Kerr Stirling Llp V. Scottish Legal Complaints Commission

JurisdictionScotland
JudgeLord Menzies,Lord Brodie,Lord Kingarth
Neutral Citation[2012] CSIH 98
Docket NumberXA60/12
Date19 December 2012
CourtCourt of Session
Published date19 December 2012

EXTRA DIVISION, INNER HOUSE, COURT OF SESSION

Lord Menzies Lord Brodie Lord Kingarth [2012] CSIH 98

XA60/12

OPINION OF THE COURT

delivered by LORD KINGARTH

in appeal

by

KERR STIRLING LLP

Appellants;

against

THE SCOTTISH LEGAL COMPLAINTS COMMISSION

Respondents:

_______________

Act: Logan; Gillespie Macandrew LLP

Alt: M.V. Ross; Shepherd & Wedderburn LLP

19 December 2012

[1] In this appeal, brought under section 21 of the Legal Profession and Legal Aid (Scotland) Act 2007 ("the 2007 Act"), the appellants seek to question the decision by the respondents to accept as having been made timeously a complaint brought against Mr Rory Cowan, a principal solicitor with the appellants, by Mr Michael Thrusfield.

The statutory background

[2] Section 2 of the 2007 Act provides:

"2 Receipt of complaints: preliminary steps

(1) Where the Commission receives a complaint by or on behalf of any of the persons mentioned in subsection (2) -

(a) suggesting -

(i) professional misconduct or unsatisfactory professional conduct by a practitioner other than a firm of solicitors or an incorporated practice;

....

it must, subject to subsection (3) and sections 3 and 4 and any provision in rules made under section 32(1) as to eligibility for making complaints, take the preliminary steps mentioned in subsection (4).

(2) The persons are -

(a) as respects a conduct complaint, any person;

...

(4) The preliminary steps are -

(a) to determine whether or not the complaint is frivolous, vexatious or totally without merit;"

Section 4 provides:

"4 Complaint not made timeously or made prematurely

(1) Where a complaint referred to in section 2(1) is not made timeously, the Commission is not to take the preliminary steps referred to in section 2(4) in relation to it, and is not to take any further action under any other provision of this Part (except this section), in relation to it.

...

(3) For the purposes of subsection (1), a complaint is not made timeously where -

(a) rules made under section 32(1) fix time limits for the making of complaints;

(b) the complaint is made after the expiry of the time limit applicable to it;

(c) the Commission does not extend the time limit in accordance with the rules."

[3] Section 32 provides:

"32 Duty of Commission to make rules as to practice and procedure

(1) The Commission must make rules as to its practice and procedure and, as soon as practicable after making or varying those rules, publish them and make them available to the public in a form which is readily accessible.

..."

The respondents' Rules

[4] Rules of the Scottish Legal Complaints Commission 2009 have been made by the respondents under section 32 of the 2007 Act.

Rule 4 provides:

"4 Making a complaint

(1) A complaint is made when it is on an SLCC complaint form registered as received at the office premises of the Commission at a time when those premises are open for business.

...

(6) A complaint will not be accepted (unless the Commission considers that the circumstances are exceptional) if it is made more than 1 year after the professional misconduct, unsatisfactory professional conduct...suggested by it appears to have occurred, ...

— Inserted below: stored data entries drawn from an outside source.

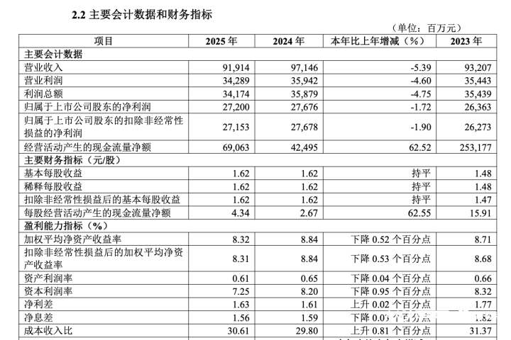 该行全年实现营业收入919.14亿元,同比下降5.39%;归母净利润272.00亿元,同比下降1.72%,盈利降幅持续收窄;年末总资产攀升至4.74万亿元,同比增长8.25%,不良贷款率同比下行,资产质量边际改善。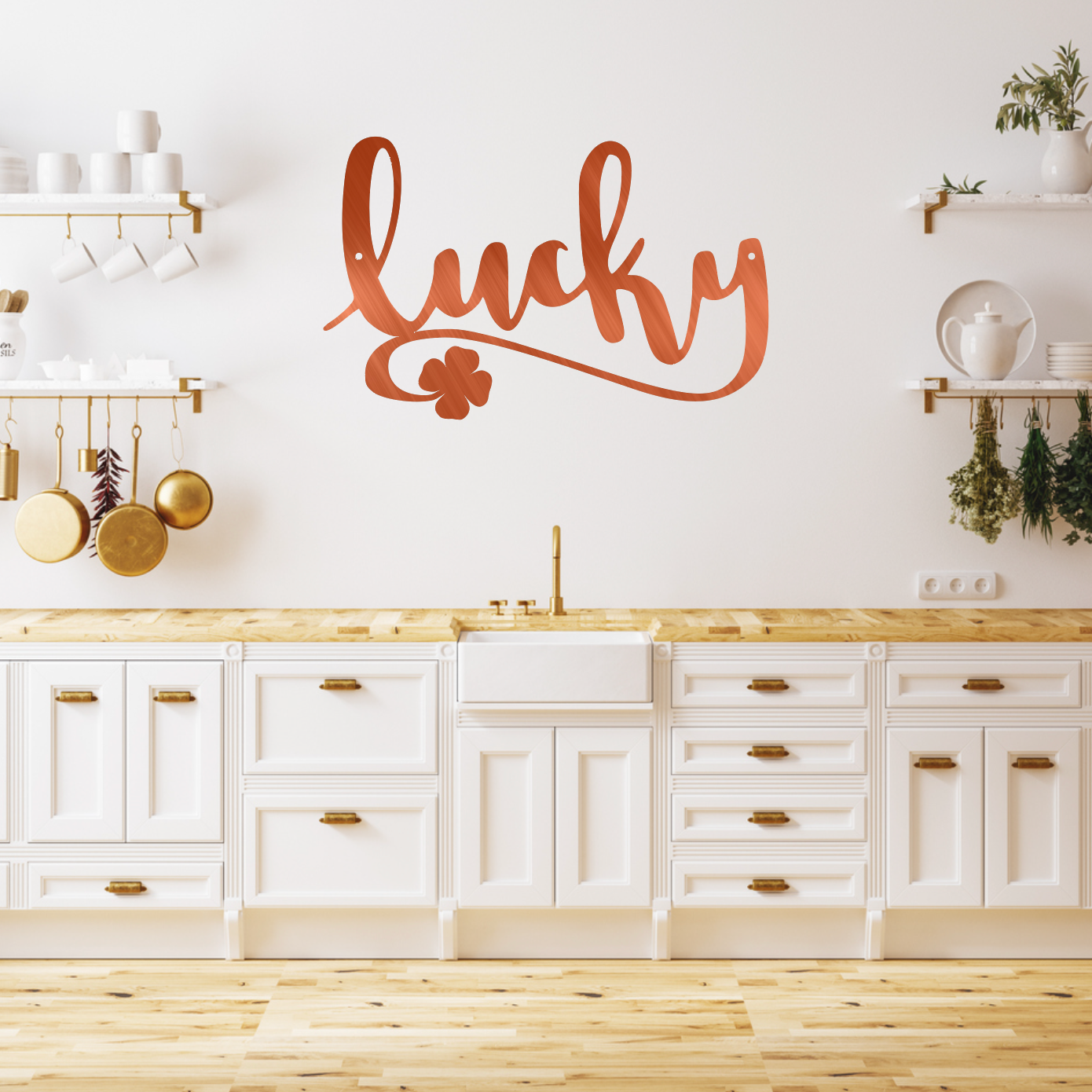 Looking for a unique piece of home decor? Look no further than Lucky. Made of durable 16 gauge steel, this powder coated metal art sign features the word "Lucky" in a elegant cursive font with a perfectly incorporated clover. Bring some good luck into your home with this one-of-a-kind piece.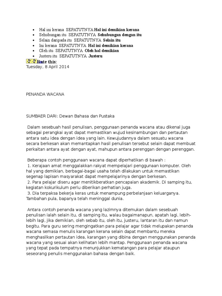 . Jika pengarang ingin menghilangkan beberapa kata dalam kutipannya maka kata-kata yang dibuang tadi diganti dengan tanda tiga titik. Contoh yang ketara yang paling dekat dengan kita ialah PENANDA WACANA UNTUK KESIMPULAN KARANGAN. Setiap tahun pada tarikh tersebut seluruh dunia meraikan Hari Alam Sekitar bermatlamat untuk mempertingkatkan tahap kesedaran masyarakat dunia terhadap isu alam sekitar serta mempertingkatkan tindakan dan penglibatan mereka terhadap sebarang perubahan yang.

(7) In determining whether the period of 1 year mentioned in paragraph (6) has elapsed, there is to be disregarded any time during which the complainer was, in the opinion of the Commission, excusably unaware -

(a) of the professional misconduct, unsatisfactory professional conduct..."

The factual background
[5] In or about May 2007 Mr Rory Cowan of the appellants instructed Mr Michael Thrusfield to provide expert opinion and advice, in the area of veterinary medicine, in connection with a sheriff court action raised by the appellants' clients R & M Paterson against Scottish Agricultural Colleges and another.
He estimated his fee for the provision of an initial report at £3,000. He was instructed to provide a further supplementary report. He estimated his fee for that report at £1,000. It is Mr Thrusfield's contention that after receipt of the completed reports Mr Cowan issued further instructions to consider and comment on adjustments and amendments to pleadings, to review opinions provided by experts engaged by the defenders and report his conclusions, and to attend consultations with counsel, and also cited him to appear at the proof which involved numerous court attendances over a four week period. After completion of the case he submitted his fee note in December 2008 to cover all of the work he claimed was instructed by Mr Cowan. The claimed fee was in excess of £35,000.

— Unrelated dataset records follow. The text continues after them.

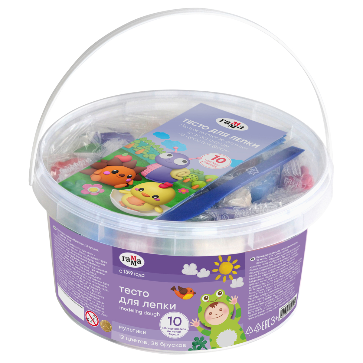 Тесто для лепки Гамма "Малыш", 35 брусков, 12 цветов, 1050г, стек, пластиковое ведро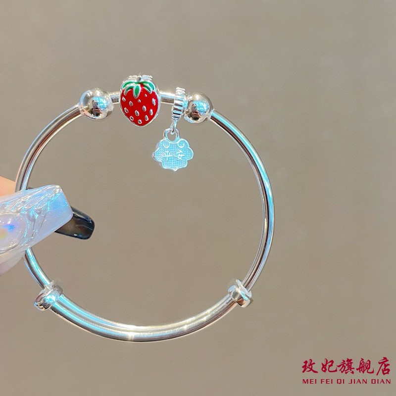 香港正生库洛米平安喜乐草莓福纯银手镯足银9999女中大童儿童学生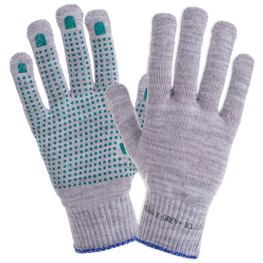X-GREY kesztyű 70% pamutból és 30% kiváló minőségű poliészterből, további PVC pontokkal a fogás javítása érdekében. Nagyon jó érzés a tartott tárgyról. Jól illeszkednek a kéz formájához. Rugalmas. Zsinórral befejezve. CE. Csomagolás: karton 12/300. Fehér szín. Elérhető: 7, 8, 9, 10 méretben.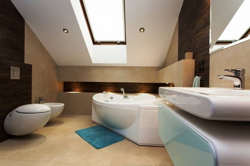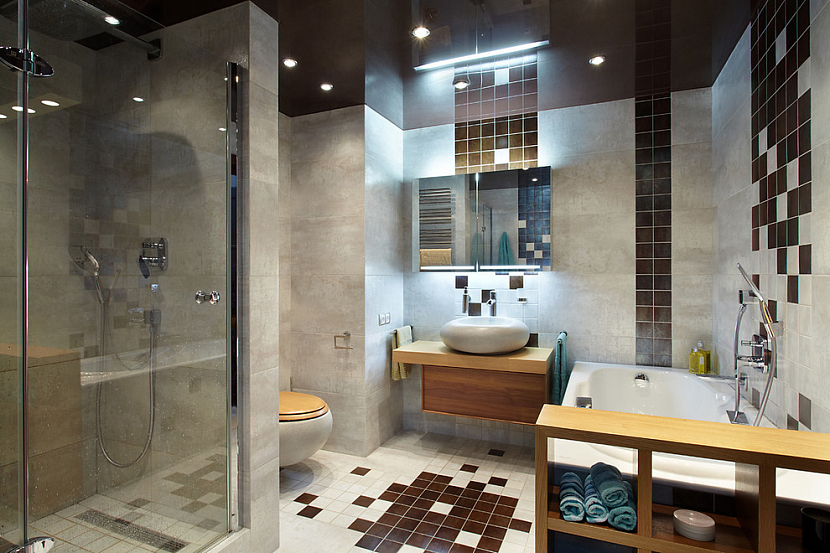 - Эффект упорядоченного и хорошо освещенного пространства — над зоной умывальника вы монтируете подвесной потолок из гипсокартона и окрашиваете его в чуть более темный цвет в зависимости от оттенка настенной плитки или пола. Для яркого эффекта не забывайте о нескольких плафонах или светодиодных полосах по всей поверхности.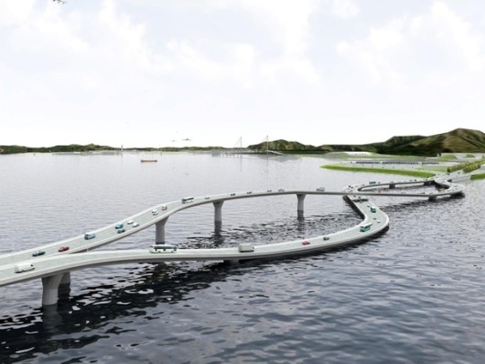 The “flipper bridge” solves this vexing problem by “separating the two sides of traffic, using a figure-eight shape. One side of the road dips under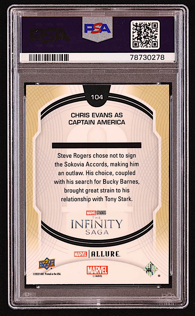 Chris Evans as Captain America 2022 Upper Deck Marvel Studios Allure #104 SP (PSA 9)

[6] Mr Cowan acknowledged receipt of the invoice but no payment was initially received. It appears that, following a request from Mr Cowan, Mr Thrusfield was content to allow payment to be deferred for a period in circumstances where it was thought that the sheriff's judgment in the litigation might be the subject of an appeal. In a letter dated 9 July 2010 Mr Cowan wrote to Mr Thrusfield apologising for not dealing with his invoice sooner. He informed Mr Thrusfield that he had sent a copy of the invoice to his clients with his views on it and that he awaited their instructions. Mr Cowan further wrote to Mr Thrusfield on 5 August 2010. He enclosed a cheque in the sum of £4,000 in part settlement. He indicated that he had been awaiting instructions from his clients in relation to the matter and confirmed that there were a number of issues with the fee note. He suggested a meeting to discuss the matter with a view to seeking resolution. By letter dated 1 September 2010 Mr Thrusfield, who in the interim had made some limited concessions, expressed his concern at the drawn-out nature of the matter. Mr Cowan wrote further to Mr Thrusfield by letter dated 13 September 2010. In it he made detailed comments in respect of a number of matters covered by the invoice, and raised a number of questions as to whether a number of the items within it were authorised or justified. He indicated that there were a number of matters on which he wished further information, so that he could assess them and take instructions from his clients regarding settlement. He indicated that he was prepared to recommend settlement at £16,625, less the £4,000 already paid to account. By letter dated 8 October 2010 Mr Thrusfield responded, indicating that he was pleased that matters now seemed to be progressing. He offered detailed responses to the previous letter. He concluded, however, that he could see no reason substantially to modify his invoice and stated that he sought payment, taking account of the £4,000 which had been paid and his own modest adjustments, in the sum of £31,444.35.

[7] Mr Thrusfield further wrote to Mr Cowan by letter dated 2 November 2010, and expressed concerns that he had had no detailed response to his letter of 8 October. He wrote further:

"I am somewhat at a loss to understand the further delay (my understanding being that lawyers are responsible for paying Expert Witness fees), and would therefore be grateful if my account (now nearly two years overdue) is settled."

[8] By letter dated 4 November 2010 Mr Cowan replied to Mr Thrusfield. He wrote:

"I still await instructions from my clients in relation to your account, following your letter of 11 October 2010.

I have issued a further reminder to my clients seeking instructions, and will revert once I have same.

Any responsibility to settle your account rests with the clients, and not their instructed Solicitors."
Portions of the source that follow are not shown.